How much would you hate something like the below (totally untested)? We
still end up with the double lookup in sugov, but as you've pointed out
in another reply we can't easily workaround, and as per the above the
linear search isn't that bad compared to the LUT. Maybe we could try a
few micro-optimizations on top (e.g. binary searching the EM table), but
IIRC that wasn't making much of difference last time I tried.
Thoughts?
Thanks,
Quentin
---
diff --git a/include/linux/energy_model.h b/include/linux/energy_model.h
index 757fc60658fa..8320f5e87992 100644
--- a/include/linux/energy_model.h
+++ b/include/linux/energy_model.h
@@ -22,6 +22,7 @@ struct em_perf_state {
unsigned long frequency;
unsigned long power;
unsigned long cost;
+ unsigned int inefficient;
};
/**
@@ -85,6 +86,25 @@ int em_dev_register_perf_domain(struct device *dev, unsigned int nr_states,
bool milliwatts);
void em_dev_unregister_perf_domain(struct device *dev);
+static inline struct em_perf_state *__em_find_ps(struct em_perf_domain *pd, unsigned long freq)
+{
+ struct em_perf_state *ps;
+ int i;
+
+ for (i = 0; i < pd->nr_perf_states; i++) {
+ ps = &pd->table[i];
+ if (ps->frequency >= freq && !ps->inefficient)
+ break;
+ }
+
+ return ps;
+}
+
+static inline unsigned long em_cpu_find_freq(struct em_perf_domain *pd, unsigned long freq)
+{
+ return pd ? __em_find_ps(pd, freq)->frequency : freq;
+}
+
/**
* em_cpu_energy() - Estimates the energy consumed by the CPUs of a
performance domain
@@ -104,7 +124,7 @@ static inline unsigned long em_cpu_energy(struct em_perf_domain *pd,
{
unsigned long freq, scale_cpu;
struct em_perf_state *ps;
- int i, cpu;
+ int cpu;
if (!sum_util)
return 0;
@@ -118,16 +138,7 @@ static inline unsigned long em_cpu_energy(struct em_perf_domain *pd,
scale_cpu = arch_scale_cpu_capacity(cpu);
ps = &pd->table[pd->nr_perf_states - 1];
freq = map_util_freq(max_util, ps->frequency, scale_cpu);
-
- /*
- * Find the lowest performance state of the Energy Model above the
- * requested frequency.
- */
- for (i = 0; i < pd->nr_perf_states; i++) {
- ps = &pd->table[i];
- if (ps->frequency >= freq)
- break;
- }
+ ps = __em_find_ps(pd, freq);
/*
* The capacity of a CPU in the domain at the performance state (ps)
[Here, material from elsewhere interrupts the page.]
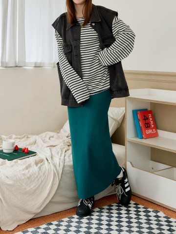 仿貂毛直紋開衩腰鬆緊長裙

diff --git a/kernel/power/energy_model.c b/kernel/power/energy_model.c
index 0f4530b3a8cd..990048e9ec79 100644
--- a/kernel/power/energy_model.c
+++ b/kernel/power/energy_model.c
@@ -161,7 +161,8 @@ static int em_create_perf_table(struct device *dev, struct em_perf_domain *pd,
* power efficient than a lower one.
*/
opp_eff = freq / power;
- if (opp_eff >= prev_opp_eff)
+ table[i].inefficient = (opp_eff >= prev_opp_eff);
+ if (table[i].inefficient)
dev_dbg(dev, "EM: hertz/watts ratio non-monotonically decreasing: em_perf_state %d >= em_perf_state%d\n",
i, i - 1);
prev_opp_eff = opp_eff;
diff --git a/kernel/sched/cpufreq_schedutil.c b/kernel/sched/cpufreq_schedutil.c
index 4f09afd2f321..9186d52d8660 100644
--- a/kernel/sched/cpufreq_schedutil.c
+++ b/kernel/sched/cpufreq_schedutil.c
@@ -10,6 +10,7 @@
#include "sched.h"
+#include <linux/energy_model.h>
#include <linux/sched/cpufreq.h>
#include <trace/events/power.h>
@@ -42,6 +43,8 @@ struct sugov_policy {
bool limits_changed;
bool need_freq_update;
+
+ struct em_perf_domain *pd;
};
struct sugov_cpu {
@@ -152,6 +155,7 @@ static unsigned int get_next_freq(struct sugov_policy *sg_policy,
policy->cpuinfo.max_freq : policy->cur;
freq = map_util_freq(util, freq, max);
+ freq = em_cpu_find_freq(sg_policy->pd, freq);
if (freq == sg_policy->cached_raw_freq && !sg_policy->need_freq_update)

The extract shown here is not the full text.